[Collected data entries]

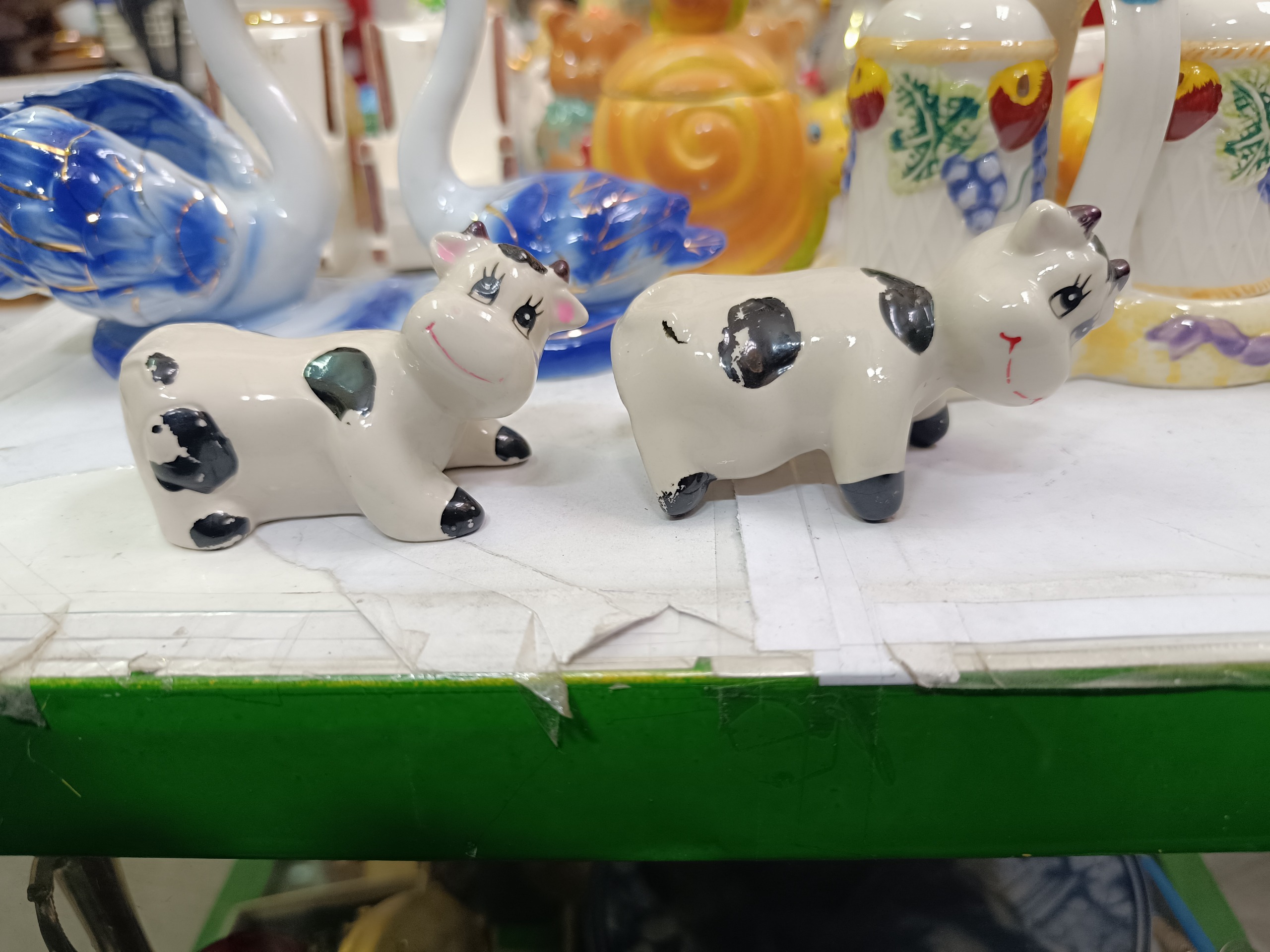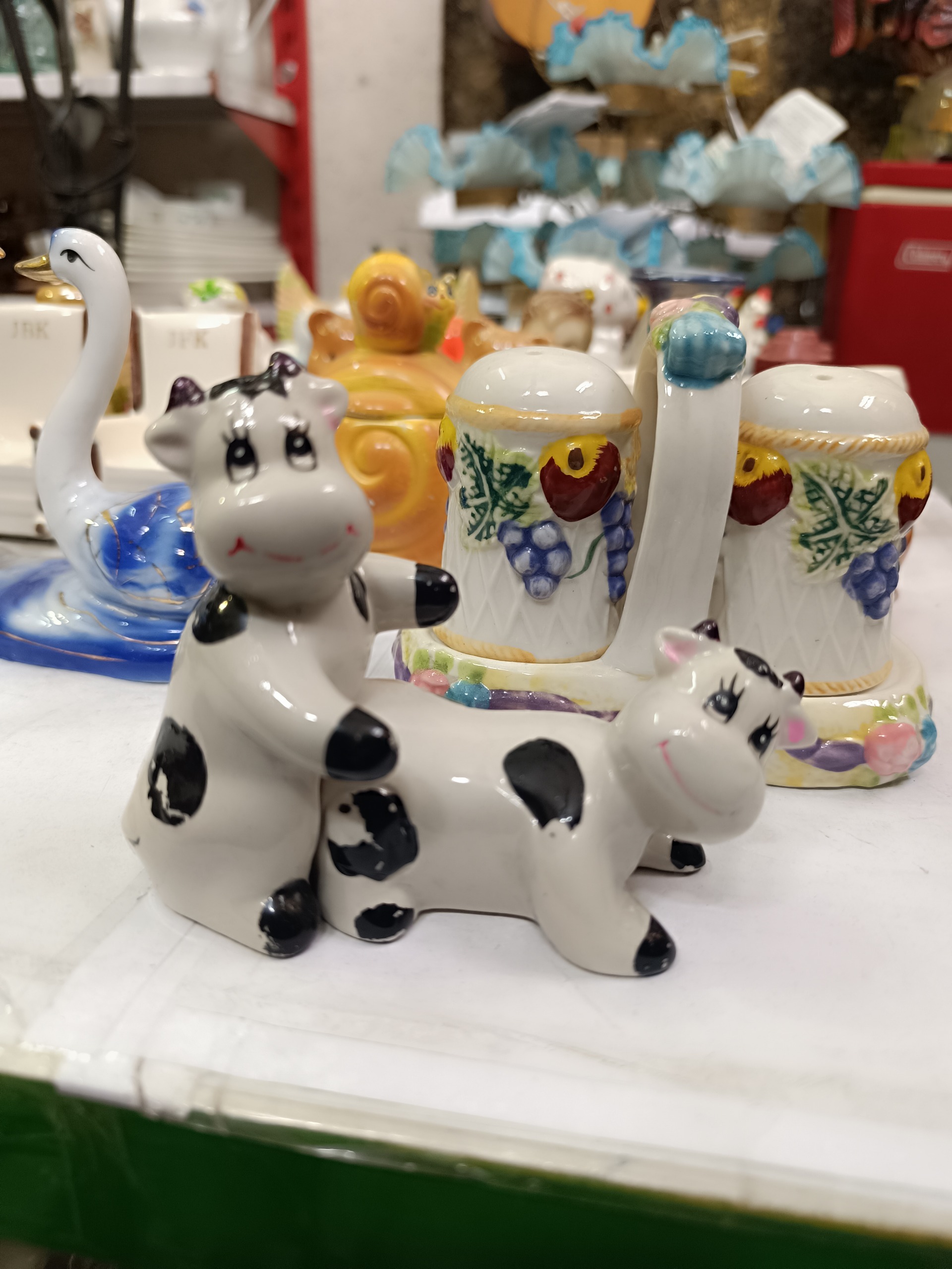 نمکدون و فلفل پاش چینی گاو ، ساخت چین ، کلکسیونی
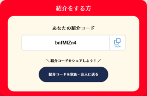 特典: 紹介1名につき500円分、紹介した人と受けた人の両方が特典を受け取れます。
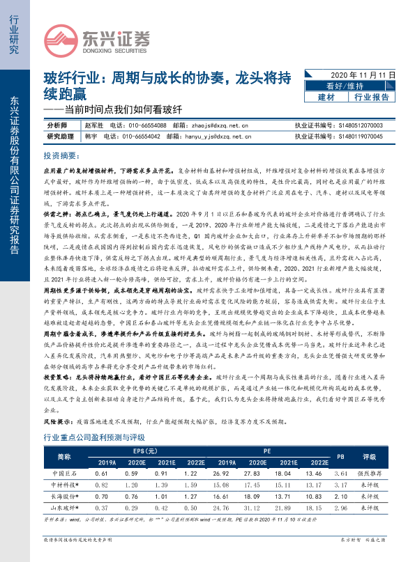 【东兴证券】【20201111】当前时间点我们如何看玻纤:玻纤行业:周期与成长的协奏,龙头将持续跑赢-23页
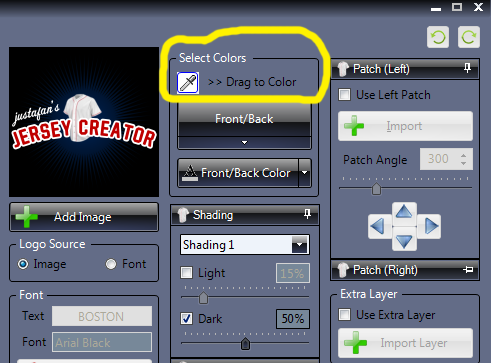 Doesn't the Jersey Creator have an eye dropper that you can use to get exact colors from logos?
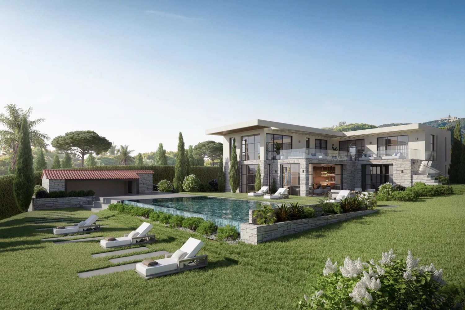 Super-Cannes - Villa contemporaine avec vue mer panoramiqueUne allee prestigieuse vous mene vers cette sublime villa contemporaine de 450 m2, lotit sur un terrain de 2 090 m2 dans un domaine prive et securise sur les hauteurs du Super-Cannes et beneficiant d'une vue exceptionnelle a 180 degres sur le Cap d'Antibes, la mer et les Alpes.
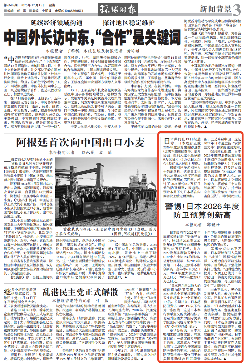 日本共同社13日报道称,日本政府正就2026年度预算案的防卫费(含美军整编经费等)展开协调,拟列入迄今最多的9万亿日元(1万亿日元约合453亿元人民币)规模。
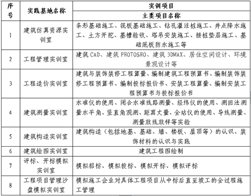 为了保证实践教学的顺利进行,充分满足实践教学的需要,我们充分利用行业和企业的社会资源,与22家建筑行业相关企业的实践教学基地保持着长期稳定的合作关系,待建筑工程技术专业开办后,可满足学生实训和顶岗实习的需要。具体校外实习基地情况如下:
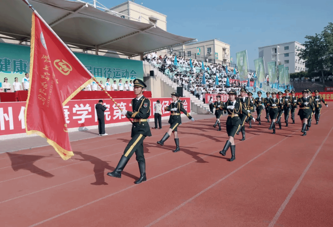 开幕式入场仪式气势恢宏、亮点纷呈。国旗队庄严肃穆,旗舞队旗帜飞扬、柔美与力量兼具,军鼓队鼓点铿锵、振奋人心,花束队手持向日葵向阳绽放,彩旗队五彩斑斓、如潮奔涌。裁判员代表队步伐稳健,秉持公平公正的专业态度;校友代表队荣归母校,尽显赤子情怀;教职工方阵精神抖擞,践行守护人民健康的己任;各院(部、系)学生方阵依次登场,以具有学院特色的创意造型和响亮的口号,充分展现出健康学子朝气蓬勃、团结奋进、笃行担当的青春风貌。现场花团锦簇,彩旗飘飘,掌声阵阵。
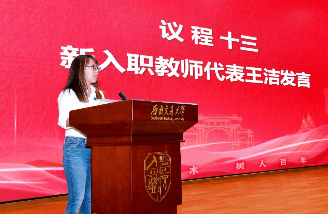 表彰会第三篇章——“薪火相传”,聚焦学院新鲜血液,为新入职教师指引教书育人的方向。副书记兼副院长车小洁宣读年度新入职教师名单,张川、王洁等9位教师正式加入awc万象城体育大家庭。在全场师生的见证下,副书记刘萍、工会主席王艺霖、桥梁工程系主任李永乐等为新入职教师佩戴院徽。新入职教师代表王洁在发言中表示,我们会脚踏实地做好教学与科研工作,积极参与学院的建设,为培养更多优秀人才贡献自己的力量。最后,学生工作组杨颖钊、孙雨函、郭哲维等师生表演了小合唱《土木年华——致敬学院老师》,悠扬的歌曲,让学院教育教学表彰会气氛热烈、意犹未尽。
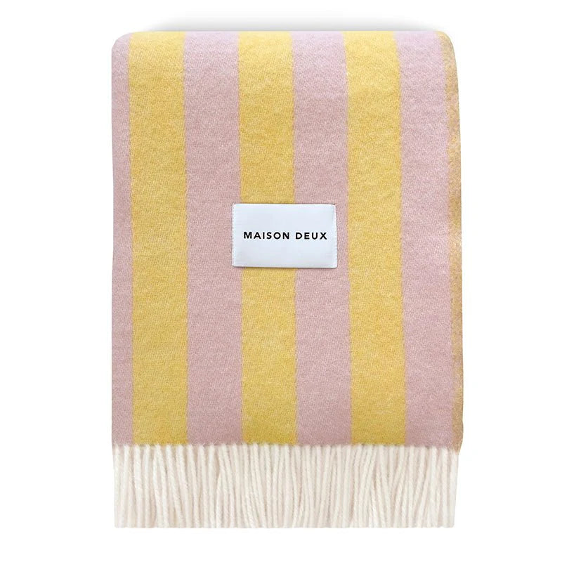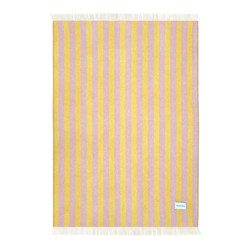 The Candy Wrap Blanket Pink Yellow is jacquard-woven from 100% New Zealand wool with fringes on the short sides. A thick premium blanket that is mirror-inverted on the opposite side. Measuring 130 x 200 cm, it's big enough to let someone join you. It keeps you warm and upgrades your living room in a split second.
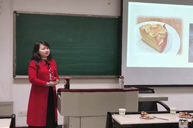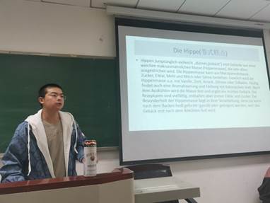台上,同学们生动的讲述着各类美食的历史背景,传说故事,烹饪方法。台下,同学们配合品尝各类食物,咸水面包、果脯蛋糕、华夫饼、风味烤肠等等。这些极具特色的美食刺激着同学们的味蕾,开启了同学们对德国饮食文化的感性认识。还有同学现场表演讲解德国人倒啤酒的方式与礼节,引起了大家激烈的讨论。期间,冯小俐教授还为同学们补充讲解了关于德国Christstollen(果脯蛋糕)的知识,原来吃起来甜甜的Christstollen是德式传统圣诞节必备水果蛋糕,虽然是德国常见的传统蛋糕,但唯有德累斯顿(Dresden)地区生产的最受德国人喜爱。实际上这些课堂之外的文化细节也是德语系学生们的必备技能。
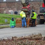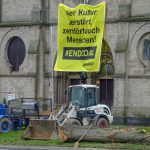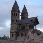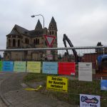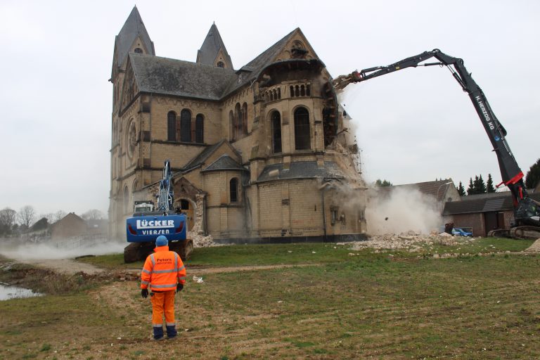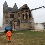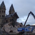Gegen 13:00 Uhr konnte die Greenpeace-Aktion friedlich beendet werden. Und nun ging alles sehr schnell. Gegen 13:00 Uhr rückte der Bagger an. Um 14:00 Uhr griff der Baggerführer mit seinem riesigen Greifarm in das Dach der Apsis, die eine Viertelstunde später bereits abgebaut war. Gegen 16:00 Uhr fehlten bereits die Apsis und das Querschiff. Ein kahler Dachtorso ragte noch aus den Trümmern heraus und man konnte ungehindert die Rosette des Portals durch das nun klein gewordene Mittelschiff sehen.

- **Assignment**: Respond with the exact lines above running from the one containing "为了保证实践教学的顺利进行,充分满足实践" to the one containing "The Candy Wrap", both ends kept and no pictures included.

- **Result of the task**:
 为了保证实践教学的顺利进行,充分满足实践教学的需要,我们充分利用行业和企业的社会资源,与22家建筑行业相关企业的实践教学基地保持着长期稳定的合作关系,待建筑工程技术专业开办后,可满足学生实训和顶岗实习的需要。具体校外实习基地情况如下:
 开幕式入场仪式气势恢宏、亮点纷呈。国旗队庄严肃穆,旗舞队旗帜飞扬、柔美与力量兼具,军鼓队鼓点铿锵、振奋人心,花束队手持向日葵向阳绽放,彩旗队五彩斑斓、如潮奔涌。裁判员代表队步伐稳健,秉持公平公正的专业态度;校友代表队荣归母校,尽显赤子情怀;教职工方阵精神抖擞,践行守护人民健康的己任;各院(部、系)学生方阵依次登场,以具有学院特色的创意造型和响亮的口号,充分展现出健康学子朝气蓬勃、团结奋进、笃行担当的青春风貌。现场花团锦簇,彩旗飘飘,掌声阵阵。
 表彰会第三篇章——“薪火相传”,聚焦学院新鲜血液,为新入职教师指引教书育人的方向。副书记兼副院长车小洁宣读年度新入职教师名单,张川、王洁等9位教师正式加入awc万象城体育大家庭。在全场师生的见证下,副书记刘萍、工会主席王艺霖、桥梁工程系主任李永乐等为新入职教师佩戴院徽。新入职教师代表王洁在发言中表示,我们会脚踏实地做好教学与科研工作,积极参与学院的建设,为培养更多优秀人才贡献自己的力量。最后,学生工作组杨颖钊、孙雨函、郭哲维等师生表演了小合唱《土木年华——致敬学院老师》,悠扬的歌曲,让学院教育教学表彰会气氛热烈、意犹未尽。
 The Candy Wrap Blanket Pink Yellow is jacquard-woven from 100% New Zealand wool with fringes on the short sides. A thick premium blanket that is mirror-inverted on the opposite side. Measuring 130 x 200 cm, it's big enough to let someone join you. It keeps you warm and upgrades your living room in a split second.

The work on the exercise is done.